## WP4

**SofTMech Work Package WP4 Progress Report**

D. Husmeier, A. Borowska, M. Paun, A. Lazarus, L. Romaszko, D. Dalton

July 2021

**4.1 ****Parameter inference in cardio-mechanic models using statistical emulation**

** **Agnieszka Borowska, PhD students Alan Lazarus and David Dalton)

**Background**

A central topic of WP4 is statistical inference for soft-tissue mechanical models in cardiovascular physiology, and to estimate the biophysical parameters that determine the mechanical properties of the tissues and fibres non-invasively from magnetic resonance images (MRI). In principle this is achieved by comparing strains extracted from the MRI scans with those predicted from the mathematical model, and applying multivariate optimization algorithms to find the parameters that minimize this mismatch. Unfortunately, this method does not lead to a decision support tool for the clinical practice.
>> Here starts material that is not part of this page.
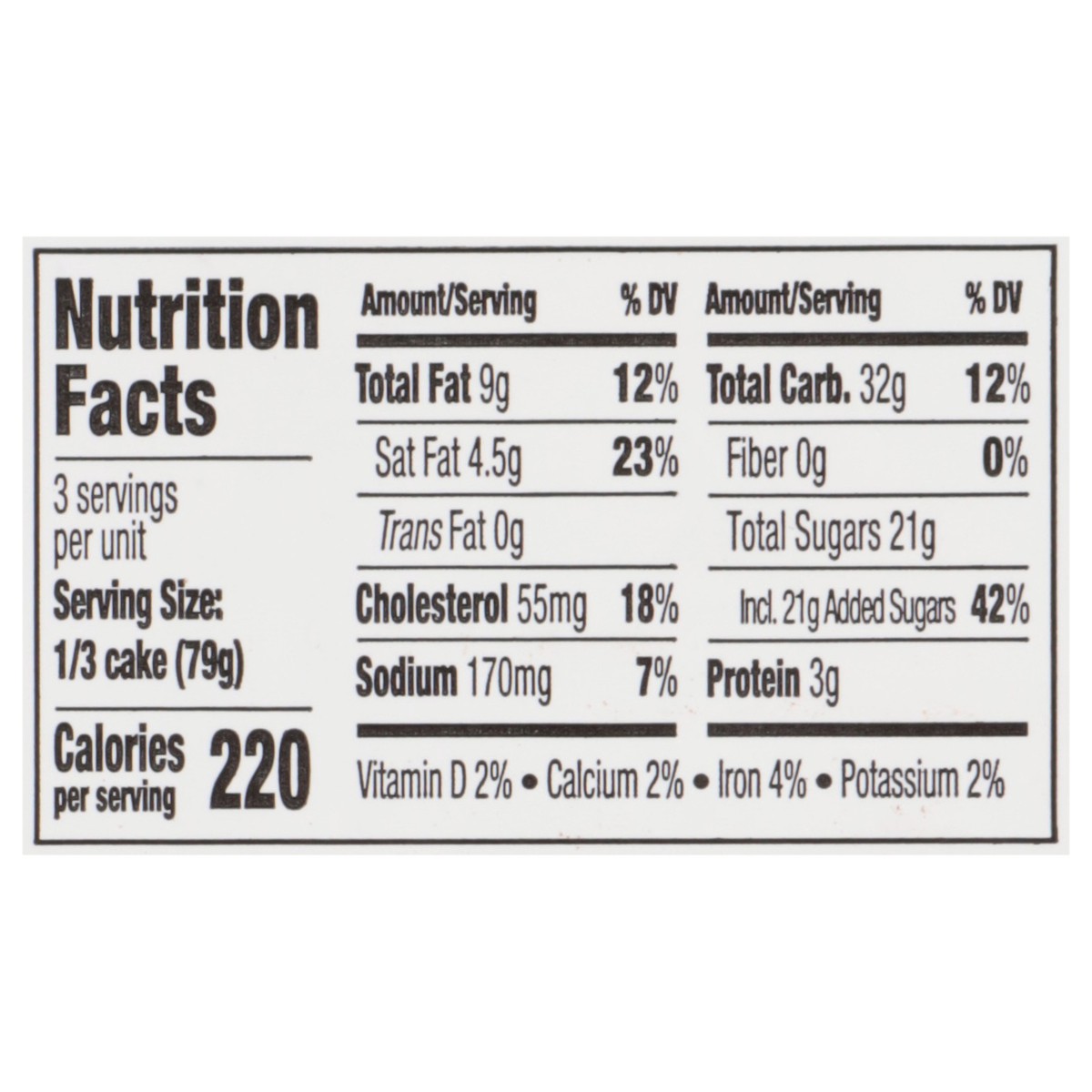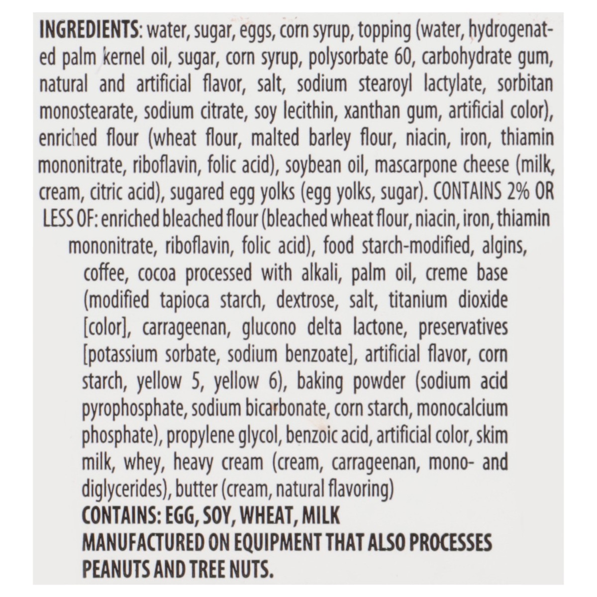 Water, Sugar, Eggs, Corn Syrup, Topping (Water, Hydrogenated Palm Kernel Oil, Sugar, Corn Syrup, Polysorbate 60, Carbohydrate Gum, Natural and Artificial Flavor, Salt, Sodium Stearoyl Lactylate, Sorbi…

The reason is that the soft-tissue mechanical equations have no closed-form solution and require a numerical integration of the underlying partial differential equations with finite element discretization. This procedure has to be repeated hundreds or thousands of times during the iterative optimization of the material parameters, leading to computational costs of several weeks even on a high-performance computing cluster.

**Work done so far**

We have addressed these difficulties with statistical emulation. The idea is to simulate a large number of samples at different parameter specifications in advance and use these simulations combined with a flexible multivariate interpolation methods to replace the computationally expensive simulator in the optimization procedure with a statistical surrogate model called an emulator. Following up on the work described in last year’s report, we have carried out work on automating the left ventricle shape extraction from magnetic resonance image scans, a comparative evaluation of different emulation methods, the methodological improvement of state-of-the-art methods for cardio-mechanic emulation, and improving the accuracy of cardio-mechanic parameter estimation by systematically integrating in-vivo strain with ex-vivo volume-pressure data.

**Results**

We have developed a novel machine learning method based on convolutional neural networks that automatically extracts a mesh representation of the left ventricle (LV) of the heart from cardiac magnetic resonance image scans. The results are reported in Romaszko et al. (2021). This LV mesh is an essential input to a cardiac mechanics emulator.

We have carried out a comparative evaluation of different emulation methods for cardiac mechanics. The results are reported in Dalton, Lazarus and Husmeier (2020). This article won the best paper award at ICSTA 2020.

We have developed novel improved methods for cardio-mechanics emulation. The improvement in performance gained in this way is discussed in detail in Dalton & Husmeier (2020).

To improve the accuracy of cardio-mechanic parameter estimation even further, we have developed a novel Bayesian statistical model that systematically combines in-vivo strain data, extracted from cardio-mechanic images, with ex-vivo volume-pressure data. This leads to a substantial boost in parameter estimation accuracy, as described in detail in Lazarus et al. (2021).

We have also successfully applied state-of-the art statistical inference and machine learning techniques to analyse cardiac amyloidosis disease progression, leading to novel model-based clinical markers. See Li et al. (2020) for details.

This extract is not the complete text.